Explained: Why the UK is Looking to AI for Cyber Defence

The UK Government is leveraging the rapid advancement of frontier AI models to strengthen national cyber defence capabilities, marking a significant shift in how AI is being deployed for security purposes.

With a £90m (US$118m) investment commitment aimed at securing the defences small and medium-sized businesses, the initiative comes as models like Anthropic's Claude Mythos Preview and OpenAI's GPT 5.4-Cyber demonstrate unprecedented capabilities in vulnerability detection at machine speed.

The potential implications of these AI systems being used adversarially could present substantial challenges for national security infrastructure.

"Today I'm making a call to action for leading AI companies and UK innovators to work with the UK Government to build AI cyber defence capabilities," says Dan Jarvis MBE, the UK's Security Minister.

"We've already made the UK a top destination for AI investment and want to take this work a step further in a generational endeavour to protect the UK from a new era of threats.

"This work sits alongside all the action we're taking, through the National Cyber Action Plan, to work with businesses and strengthen cybersecurity across the country."

AI deployment for national security

The collaboration between public and private sectors represents what Jarvis describes as a "generational endeavour" that could enable the protection of critical national networks by autonomously identifying and addressing vulnerabilities at a speed and scale beyond human capability.

As hostile states increasingly deploy AI systems, the National Cyber Security Centre (NCSC) has observed a significant shift in threat patterns.

Security incidents managed by the NCSC more than doubled in 2025, highlighting the growing challenge posed by AI-enabled attacks.

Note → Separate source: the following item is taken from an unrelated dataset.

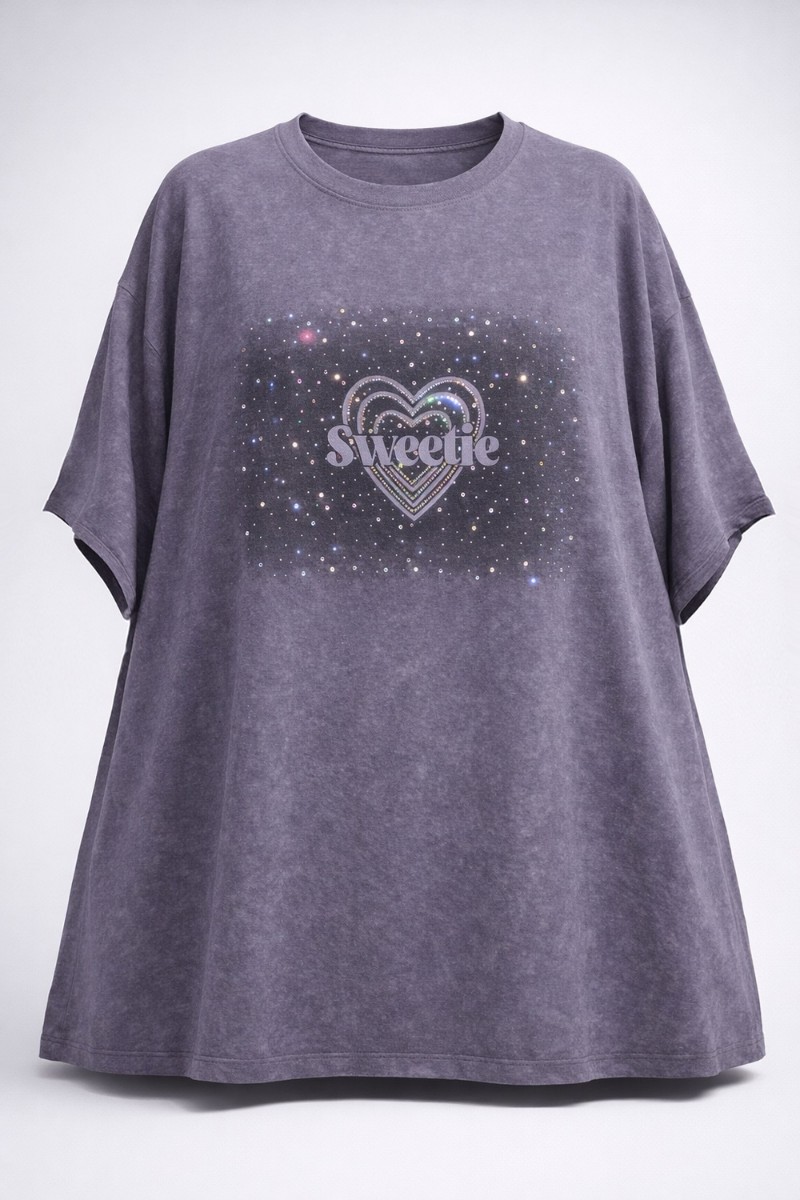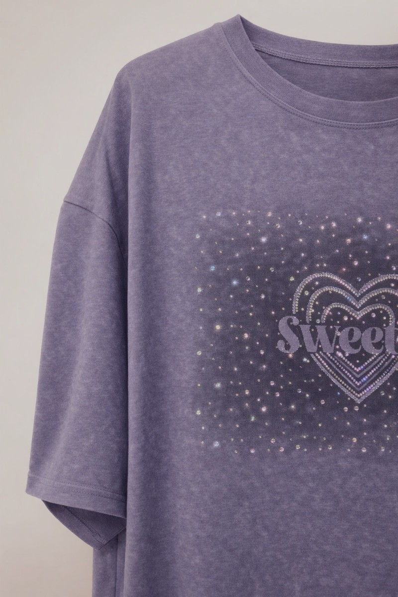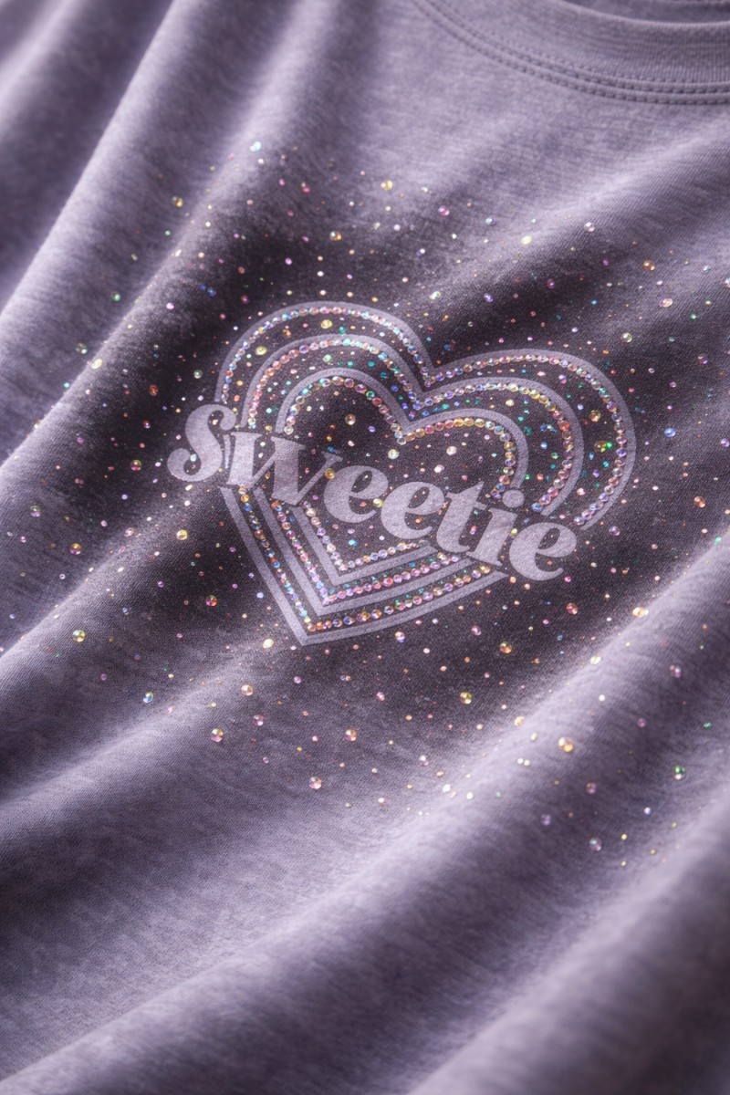 Роскошный дизайн и сияние: Центральным элементом модели является эффектный принт в виде объемного сердца с надписью «Sweetie», окруженный россыпью сверкающих страз. Стразы нанесены по градиентной технологии, создавая эффект тающего сияния.Использована передовая технология фиксации. Стразы останутся на месте — они качественно приделаны, не отклеятся после стирок и не потеряют свой блеск.

"We know our adversaries will increasingly apply AI tooling," said Richard Horne, CEO of the NCSC, in his keynote speech at CYBERUK 2026.

"As we have seen in the media in recent days, frontier AI is rapidly enabling discovery and exploitation of existing vulnerabilities at scale.

"Illustrating how quickly it will expose where fundamentals of cyber security are still to be addressed, such as code shipped by tech producers with significant vulnerabilities, organisations that are not patching with the completeness or urgency they should or that are failing to grasp the nettle of replacing old legacy systems."

The government has also introduced a voluntary Cyber Resilience Pledge, inviting enterprises to commit to three "concrete actions" aimed at strengthening their security posture.

Balancing AI innovation with security

Industry response to the government's AI-focused security commitment has been cautiously optimistic.

According to Trevor Dearing, Director of Critical Infrastructure at Illumio, the initiative represents "a positive signal from [the] government", saying that "it is right to push cyber security into the boardroom". 

However, Trevor notes the complexity of the challenge. "Despite more spending, more tools and more people, the impact of cyber attacks keeps getting worse. That's because most security models still optimise for compliance and detection, not for limiting real‑world damage when breaches inevitably occur."

He adds that, while the Cyber Resilience Pledge could help establish direction, delivering consistent outcomes at scale requires focus on measurable returns through reduced risk and improved resilience.

Research suggests that organisations prioritising resilience experience lower breach costs, stronger customer trust and greater operational stability.

AI infrastructure and identity management

Ev Kontsevoy, CEO of Teleport, describes the government's call for collaboration in AI-driven cyber defence as a "step in the right direction" but emphasises the need for urgency.

"The speed of AI development is currently far outpacing the speed at which the traditional cybersecurity industry is responding," Ev explains.

"Building cyber resilience in the AI-age begins by establishing identity as the core part of infrastructure AI runs on, unifying all human and non-human identities into a single layer secured with cryptographic, hardware-backed trust and short-lived privileges.

"Only then can organisations truly enforce limits on what AI accesses and who receives this information."

The initiative highlights how frontier AI models are reshaping both the threat landscape and defensive capabilities, positioning artificial intelligence as a central component of modern security infrastructure.